After a cold but sunny December (no snow for the Christmas holidays for us in Cambridge) we are preparing to grow this year's crops. Empty Common Community Garden is on a piece of land that was abandoned because of dampness and a very healthy horsetail population. The City Council have put in some drainage which will hopefully help. Bearing this in mind, here's what we are/will be doing this year:
  • Liming the soil to raise the pH a bit. Horsetail does better in lower pH soils.
  • Taking off the sporing heads as they emerge in spring. We then drown them in water for several weeks before dumping the sludge on a piece of waste land. We do not add them to the compost just in case the spores are still alive, besides the sporing heads are small so not a lot of organic matter is lost.

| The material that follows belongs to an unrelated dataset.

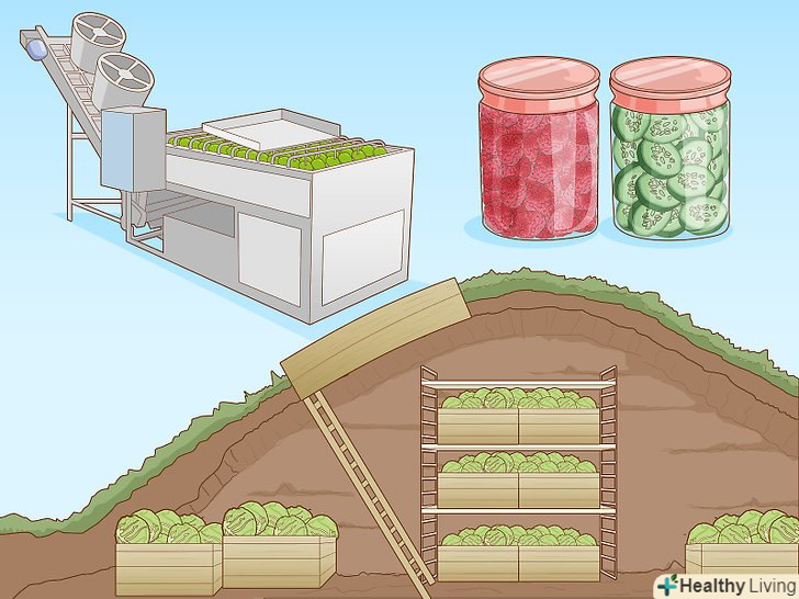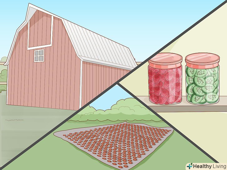 Продумайте способи зберігання. якщо ви збираєтеся вирощувати зернові, вам знадобляться комори, які збережуть ваш урожай в сухості і безпеки від комах і гризунів. Якщо ви збираєтеся виробляти їжу для власного споживання, то краще продумати поєднану систему для зберігання і консервації вашого врожаю. Отже, основні способи зберігання врожаю:- Сушка. Цей метод дуже корисний і ефективний для зберігання фруктів і деяких овочів. Сушку можна здійснити в будь-якому сухому і теплому кліматі, без будь-яких високотехнологічних гаджетів.

  • Mulching the land with cardboard and then woodchips or council green waste compost and when the horsetail emerges hoeing it. Just mulching doesn’t work,  in fact it makes the problem worse because horsetail likes the damp conditions created by mulching, it grows straight through the cardboard and finds there is no competition so takes off. Horsetail isn’t good at competing with tall plants.
  • Cutting plants at ground level and drowning these for several weeks. We then water the beds with the water used for drowning, add the sludge to the compost and so return it to the soil. This is to add the nutrients that the horsetail has accumulated back to the soil for other plants. Often some plants compete better than others because they are better at accumulating minerals. Horsetail is good at accumulating silicone from deep down and competes well against other plants in low silicon soils. Adding it to the surface makes it available to other plants, improving their competitive ability.
  • Next spring we may try planting lots of marigolds in a bed as an experiment as they are said to be good at deterring horsetail.
  • We are keeping a patch of silver leaf that arrived by itself and seems to have inhibited horsetail growth. It will be interesting to see what happens.
  • We are not attempting to dig out the horsetail roots as they are super long - spreading wide and deep. They also have nodes on their roots that are activated to produce lots of root growth when a root is broken.